If it was true mothers would forget about the birthing process after the baby was born I welcomed that idea.
“You did this to me!” I screamed at Blake.
At the time I couldn’t tell if Blake was going to say something or if he was about to faint. Were all fathers to be like this or was it just him? Perhaps it was the threat or the sight of blood?
Birthing a child was not that clean and orderly experience we had all been told it was. The media lied to us! If I had known this was what went into it I might have decided not to go through with it.
When I heard the baby cry I had forgotten what I thought and felt in that instant. Before me now was a tiny baby…that was practically flipping us off. Clearly she was not happy about having been born.
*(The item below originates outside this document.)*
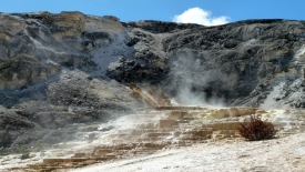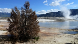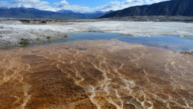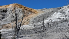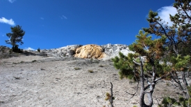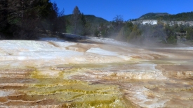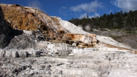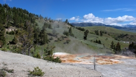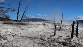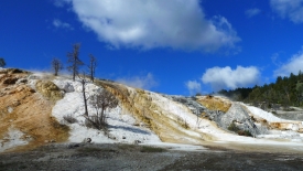 Le ciel est infiniment bleu au réveil. Le programme de la journée (en tout cas du début de journée) est tout tracé : se promener parmi les sources chaudes et les cascades de travertin de Mammoth Hot Springs.

“Well, that’s one that’s not for the baby book,” Blake said.
“Mom said I did the same during her ultrasound,” I told him before looking at the doctor and giving an order, “Give me my baby!”
The baby was average length, weight, and had a set of lungs on her. It would be amazing if the entire hospital couldn’t hear those little lungs screaming away.
“Now, the next one should be easier,” I said. “Mom always said the first birth is the longest and hardest.” I looked to Blake, “Why are you grinning like that?”
“I think our mothers were right in that mothers always forget the labor process after the baby is born.”
Blake and I had decided to name her Elizabeth Rose after both of our grandmothers.
She was the most beautiful baby I had ever seen and in my opinion that was not just motherly bias talking. She was the most beautiful baby.
Between the after school program opening and the birth of Elizabeth Rose my life felt complete and perfect.
I never would have thought that someone from my middle class background could find and marry such a wonderful man and have such a beautiful child. Yet, it happened and life was perfect.